Estate Planning for Life - What You Need and When You Need It
September 19, 2013
More than half of the U.S. population does not have any of the basic estate planning documents they need to protect themselves in the event of death or incapacity. Morever, a substantial majority of individuals in the U.S. does not have all of the documents to protect themselves and their family in the event of death or incapacity.
Failure to have an Estate Plan in place can result in the wasting away of your estate, pain and suffering for your family, huge Court costs and attorneys’ fees.
Moreover, the need for Estate Planning does not suddenly arise when you become middle-aged or older. Karen Ann Quinlan stopped breathing after returning home after a party at age 21. Terri Schiavo had a heart attack at home age 26, after which she fell into a coma and vegetative state. In both cases, the lack of any Estate Planning resulted in years of litigation and at least hundreds of thousands of dollars in attorneys’ fees.

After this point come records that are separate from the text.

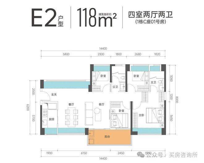 约89㎡南向3房,相比于市面上同功能3房,面积更小;约118㎡阔绰4房,带6.6米阳台,满足进阶生活更高享受。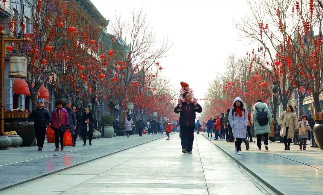 2019-02-02,北京市。迎新春,大柵欄掛起紅燈籠,喜慶的節日氣氛吸引了八方來客。作者:大龍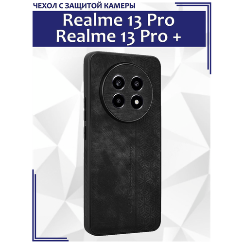 Чехол для Realme 13 Pro (5G)/ Realme 13 Pro Plus кожаный с тиснением / Реалми 13 Про и 13 Про + с защитой камеры (черная)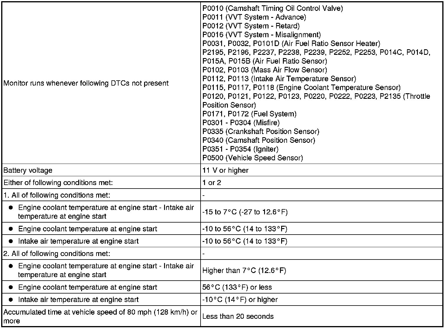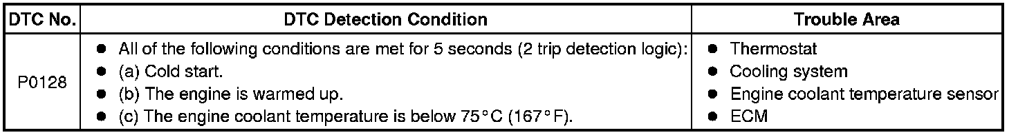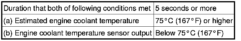This DTC is stored when the engine coolant temperature does not reach 75°C (167°F) despite sufficient engine warm-up time having elapsed.

The truth is that you need to have some form of Estate Planning in place from the day you become an adult. As your life changes, you will have to add to or change your Estate Planning planning, but you should never be an Estate Plan from that day forward.
Young Adults With Few Assets
In forty of the fifty States, including California, you become an “adult” when you turn 18 (the “age of majority”). The age of majority is (1) 19 in three states (Alabama, Delaware and Nebraska), (b) 21 in one State (Mississippi) and (3) 18 or some other age or upon graduation from high school in six States. Once you become an adult, you have the legal “capacity” to make your own legally binding decisions, and your parents lose the right to make them for you.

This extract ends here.